Иван сперва озлился, — ну, вовсе в детство впал старик! — а потом рассмеялся. Они домой повернули… Ну что ж, потом, когда старик отойдет, узнаем, что это у него за выверты. А тем временем даже как будто запахло жареной силявой…

Изгибы волн, растревоженных лодкой, отражаются, поблескивают на песчаном дне. Дальше от берега, на глубине четырех-пяти метров, видны густые высокие водоросли — точно лес под крылом самолета. Потом исподволь начинается «поглубь» — таинственная сине-серая бездна. Там где-то неслышно рыскают в поисках добычи огромные, как бревна, ненасытные щуки. Рыскают, гады, а в сеть не идут!..

Когда лодка пристала к опустевшему берегу, у сетей, развешанных на кольях, уже не сновали даже контролеры-коты.

Силява жарится без всякого жира. Можно даже, если спешишь, и не чистить ее, достаточно перемыть как следует. Жарить ее лучше всего в печи, чтоб рыбу подрумянило легкое пламя сухих, как соль, сосновых поленьев.

Когда мужчины вошли в хату, Маня, еще через окно увидевшая, что они приближаются к берегу, тут же поставила на стол большую, пахучую шкворчащую сковородку. Иван нарезал толстыми ломтями свежий хлеб и нетерпеливо позвал из сеней отца. Старик вошел в хату с бутылкой желтенькой перцовки.

— Жил один чудак, — сказал он, ставя на стол поллитровку, — который с каждым дурнем чаркой делился… Дай, Маня, стакан. Да и сама присаживайся.

Ладонью в донышко он легко выбил из бутылки картонную пробку, налил первую чарку. Торжественно пожелал сыну с невесткой доброго здоровья. Медленно, смакуя, выпил.

— А потом? — спросил Иван, с затаенным смехом глядя на почти совсем распогодившееся лицо старика.

— А потом он эту порцию, что раньше подсовывал кому попало, стал сам выпивать. На доброе, сынок, здоровье!

Пахучая, крепкая жидкость приятно обожгла рот и все нутро. Иван уплетал за обе щеки. Эх, и рыбка же — силява! Даже косточкой не уколешься!..

— Вот я и говорю, — начал старик, старательно двигая покрытым седой щетиной подбородком, — рука бы та отсохла, что головы не слушает.

— Ты опять про подсочку?

— А что ж! Разве ж это порядок! Весь Переймовский бор подсочили! Над самым озером! Я еще, не при вас будь сказано, голозадый бегал, а он уже стоял. Две войны выстоял, а теперь вот нашелся дурак — на сруб его!..

— Вы, батя, ешьте, — тихо отозвалась полненькая чернобровая Маня. — Стоял он и будет стоять…

— Повалят, доченька!

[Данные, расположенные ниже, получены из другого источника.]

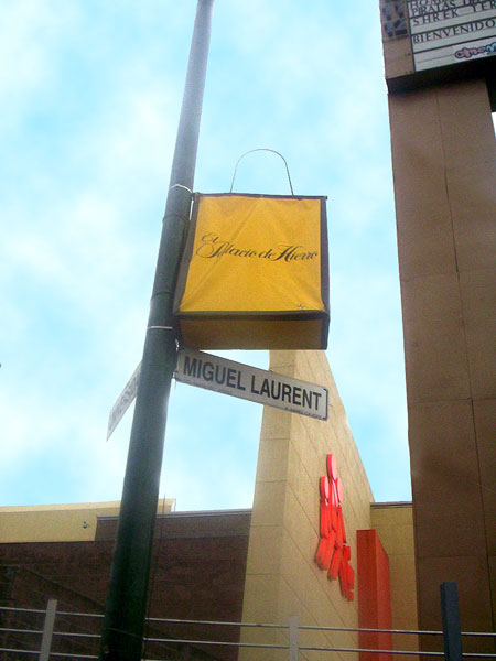 Guerrilla para El Palacio de Hierro. La acción consisitió en colocar estas bolsas con el nombre de la tienda, en los postes de algunas esquinas citadinas, especialmente en aquellos donde hubiera señalización.

Год-два, и повалят! Потому и подсочку сделали… А ты чего скалишься?

Иван, отсмеявшись, спросил:

— Так ты его пожалеть собрался? С пилой?

Старик вскипел, даже руку с ломтем хлеба поднял.

— Готовое, то, что на дворе лежит, каждый дурень взять может! Ты мне не тыкай этим поленом в нос! Сам с головой, знаю, что делаю!..

— А ты бы помолчал! — накинулась на Ивана жена. — Ешь да иди куда надо! Я вам, батя, еще вот… Нашел, над кем скалить зубы!

Она захлопотала у шестка и вернулась оттуда к столу с большой кружкой чаю, заваренного на липовом цвете. С той самой, как туча, липы, что за гумном. Потом принесла желтый глиняный горшочек с медом и чистую ложку.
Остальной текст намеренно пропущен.